For several years, persistence has been a hot topic of debate in the Java community.Many developers don’t even agree on the scope of the problem. Is “persistence” a problem that is already solved by relational technology and extensions such as stored procedures, or is it a more pervasive problem that must be addressed by special Java component models such as EJB entity beans? Should we hand-code even the most primitive CRUD (create, read, update, delete) operations in SQL and JDBC, or should this work be automated? How do we achieve portability if every database management system has its own SQL dialect? Should we abandon SQL completely and adopt a new database technology, such as object database systems? Debate continues, but recently a solution called object/relational mapping (ORM) has met with increasing acceptance.
Hibernate is an open source ORM implementation.Hibernate is an ambitious project that aims to be a complete solution to the problem of managing persistent data in Java. It mediates the application’s interaction with a relational database, leaving the developer free to concentrate on the business problem at hand. Hibernate is an non-intrusive solution. By this we mean you aren’t required to follow many Hibernate-specific rules and design patterns when writing your business logic and persistent classes; thus, Hibernate integrates smoothly with most new and existing applications and doesn’t require disruptive changes to the rest of the application.
This article is about Hibernate. We’ll cover basic and advanced features and describe some recommended ways to develop new applications using Hibernate.Often, these recommendations won’t be specific to Hibernate—sometimes they will be our ideas about the best ways to do things when working with persistent data, explained in the context of Hibernate. Before we can get started with Hibernate,however, you need to understand the core problems of object persistence and object/relational mapping. This chapter explains why tools like Hibernate are needed.

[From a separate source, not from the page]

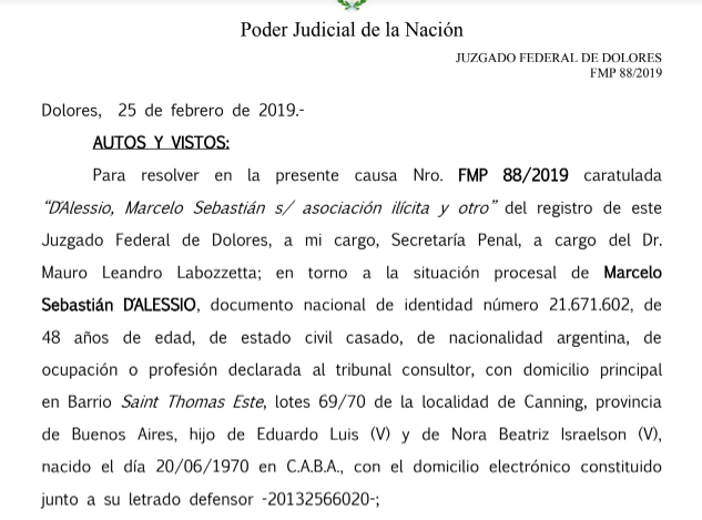 Por eso, el juez dolorense procesó y dictó preventiva contra el falso abogado, a quien impuso un embargo de 10 mil millones de pesos. Pero hizo más: le pidió al Procurador General de la Nación, jefe de todos los fiscales federales, que investigue los lazos entre D’Alessio y el fiscal Carlos Stornelli.

First, we define persistent data management in the context of object-oriented applications and discuss the relationship of SQL, JDBC, and Java, the underlying technologies and standards that Hibernate is built on. We then discuss the socalled object/relational paradigm mismatch and the generic problems we encounter in object-oriented software development with relational databases. As this list of problems grows, it becomes apparent that we need tools and patterns to minimize the
time we have to spend on the persistence-related code of our applications. After we look at alternative tools and persistence mechanisms, you’ll see that ORM is the best available solution for many scenarios. Our discussion of the advantages and drawbacks of ORM gives you the full background to make the best decision when picking a persistence solution for your own project.
What is persistence?
Almost all applications require persistent data. Persistence is one of the fundamental concepts in application development. If an information system didn’t preserve data entered by users when the host machine was powered off, the system would be of little practical use. When we talk about persistence in Java, we’re normally talking about storing data in a relational database using SQL. We start by taking a brief look at the technology and how we use it with Java. Armed with that information, we then continue our discussion of persistence and how it’s implemented in object-oriented applications.
Relational databases
You, like most other developers, have probably worked with a relational database.In fact, most of us use a relational database every day. Relational technology is a known quantity. This alone is sufficient reason for many organizations to choose it. But to say only this is to pay less respect than is due. Relational databases are so entrenched not by accident but because they’re an incredibly flexible and robust approach to data management.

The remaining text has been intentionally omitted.